Platform-Dependent Floating-Point Behaviour
Single-precision floats, c_float, 32 bits or 4 bytes long as per IEEE 754, as well as double-precision floats, c_double, 64 bits or 8 bytes long as per IEEE 754, behave identical both on Unix-like systems and Windows. They can be passed to and retrieved from DLL functions without issues.
Warning
Long double types or quadruple-precision floating-point types pose a special kind of problem. Long story short: Support and implementation between platforms differ significantly. Windows, a bit simplified, has virtually no support for those types although e.g. certain C compilers offer some support on Windows on their own. Since zugbruecke is built on top of CPython and ctypes, it is following its capabilities. While c_longdouble is in fact 128 bits or 16 bytes long on Linux for instance, it maps to c_double on Windows at 64 bits or 8 bytes. Passing floating point numbers longer than 64 bits is therefore basically not supported by zugbruecke. This may be partially worked around by passing buffers of 16 bytes per number or using numpy’s support of long double.

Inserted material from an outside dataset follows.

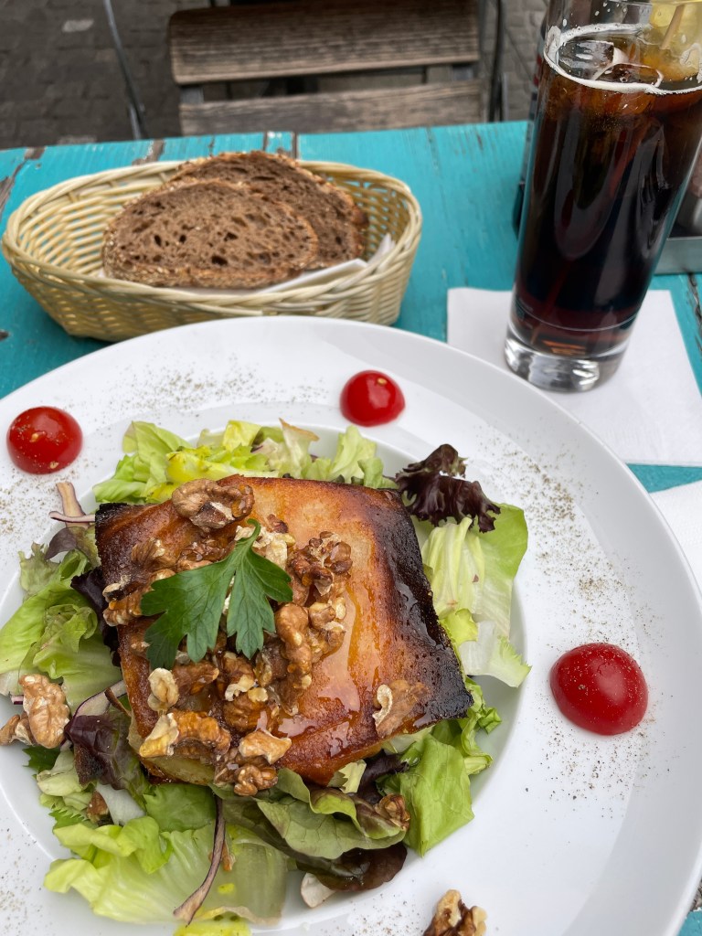I have the best salad of my life. Warm goat cheese, baked in some kind of dough, with honey and walnuts, on a bed of lettuce with house dressing. And a whiskey coke because I haven’t had that since I left Memphis. Reminds me of home.

(env) user@comp:~> python -m platform
Linux
(env) user@comp:~> python -c "from ctypes import c_longdouble, sizeof as s; \
print(s(c_longdouble))"
16
(env) user@comp:~> wenv python -m platform
Windows
(env) user@comp:~> wenv python -c "from ctypes import c_longdouble, sizeof as s; \
print(s(c_longdouble))"
8
Warning
Half-precision floating-point types have recently seen a boost in popularity thanks to machine learning applications. There are completely different variations/implementations of the idea going by different names such as bfloat16. Since zugbruecke is built on top of CPython and ctypes, which does not offer any form of support for half-precision floating-point types, it is following its capabilities i.e. there is no direct support for them in zugbruecke. This may be partially worked around by passing buffers of 2 bytes per number or using numpy’s support of half-precision floating-point. numpy’s support of bfloat16 is still, as of late 2022, under development.
Calling Conventions
While the handling of different calling conventions is absolutely identical between ctypes and zugbruecke, it is actually a common trap for beginners when using zugbruecke (or ctypes) for the first time. The confusion arises around ctypes.CDLL
/ ctypes.cdll
and ctypes.WinDLL
/ ctypes.windll
, which refer to two different calling conventions. In fact, both types of calling conventions can be found on Windows. Any given DLL might use either one. While both calling conventions are ironically identical for 64-bit DLLs and can be used interchangeably in those cases, calling conventions actually differ for 32-bit DLLs. The main difference or symptom is that function arguments are passed to the function in a location differing by an offset of 8 bytes. You might see exceptions similar to “arguments 8 bytes too short” or “arguments 8 bytes too long” if using the wrong calling convention. In rare cases, you might not even get an exception but receive plain wrong results from the called function instead.
Note
If the DLL’s C-code is available, the calling convention can be deduced from “annotations” in front of functions. __stdcall
points to WINDLL
, while __cdecl
points to CDLL
.
Memory Synchronization
Because zugbruecke executes DLL routines in a separate Windows Python process on top of Wine, it must translate pointers and keep memory between the Unix Python and the Windows Python processes in sync. zugbruecke can handle this task partially automatically but does require special memsync
directives in certain cases. A good set of introductory examples is provided in the chapter covering pointers and memory synchronization.
Further Examples
For an overview over its entire range of capabilities have a look at zugbruecke’s test suite.